## [Assigned task]
The data that follows is to be copied exactly, with each image removed.
Supplied data section start
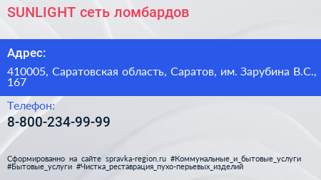 SUNLIGHT, сеть ломбардов по адресу 410005, Саратовская область, Саратов, им. Зарубина В.С., 167 в дальнейшем Организация, размещена в следующих категориях:
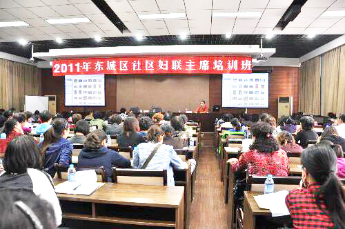 为进一步更新广大社区妇联主席的思想观念、提升创新水平和实践能力,9月13日,东城区妇联举办了“2011年东城区社区妇联主席培训班”。来自全区十七个街道、社区妇联主席240余人参加了培训。
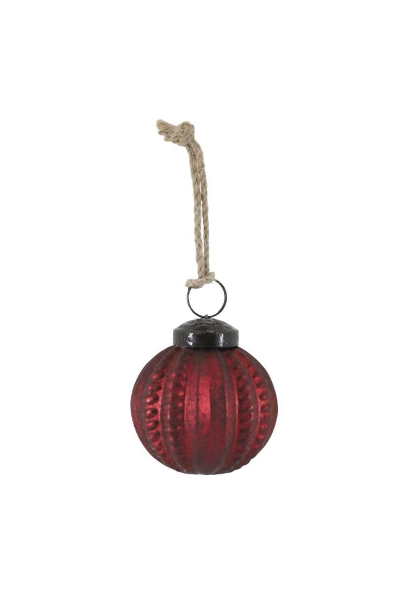 Artikelnummer: 54348Stilvolle rote Weihnachtskugel aus Glas im Landhausstil, mit Vintage-Look.
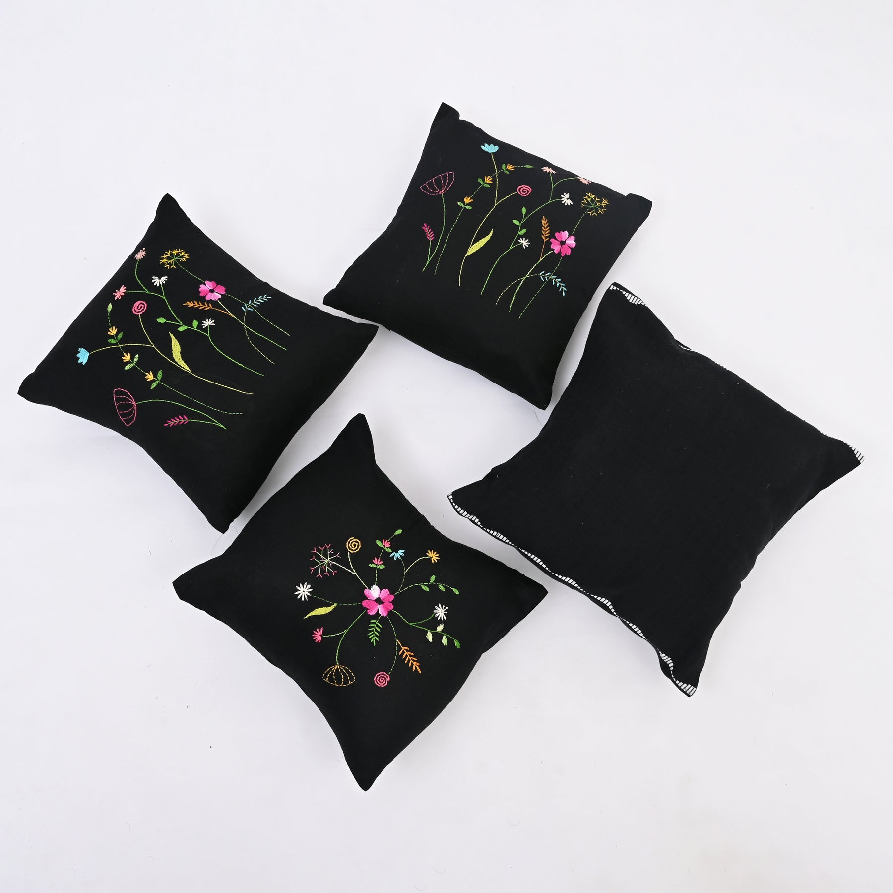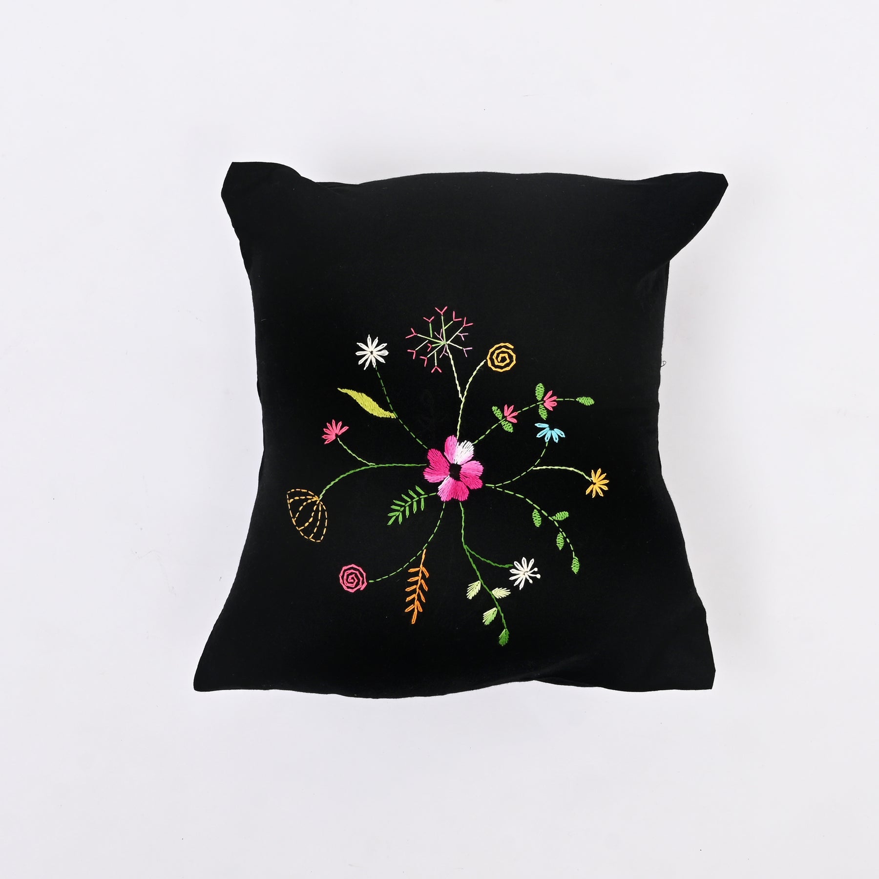 Make a bold and beautiful statement with this black cotton cushion cover, adorned with vibrant multicolour embroidery. The intricate hand-stitched patterns add texture, charm, and cultural flair to your living space. Crafted from soft and breathable cotton, it blends comfort with artisan appeal.
Supplied data section end
## [Exercise answer]
 SUNLIGHT, сеть ломбардов по адресу 410005, Саратовская область, Саратов, им. Зарубина В.С., 167 в дальнейшем Организация, размещена в следующих категориях:
 为进一步更新广大社区妇联主席的思想观念、提升创新水平和实践能力,9月13日,东城区妇联举办了“2011年东城区社区妇联主席培训班”。来自全区十七个街道、社区妇联主席240余人参加了培训。
 Artikelnummer: 54348Stilvolle rote Weihnachtskugel aus Glas im Landhausstil, mit Vintage-Look.
 Make a bold and beautiful statement with this black cotton cushion cover, adorned with vibrant multicolour embroidery. The intricate hand-stitched patterns add texture, charm, and cultural flair to your living space. Crafted from soft and breathable cotton, it blends comfort with artisan appeal.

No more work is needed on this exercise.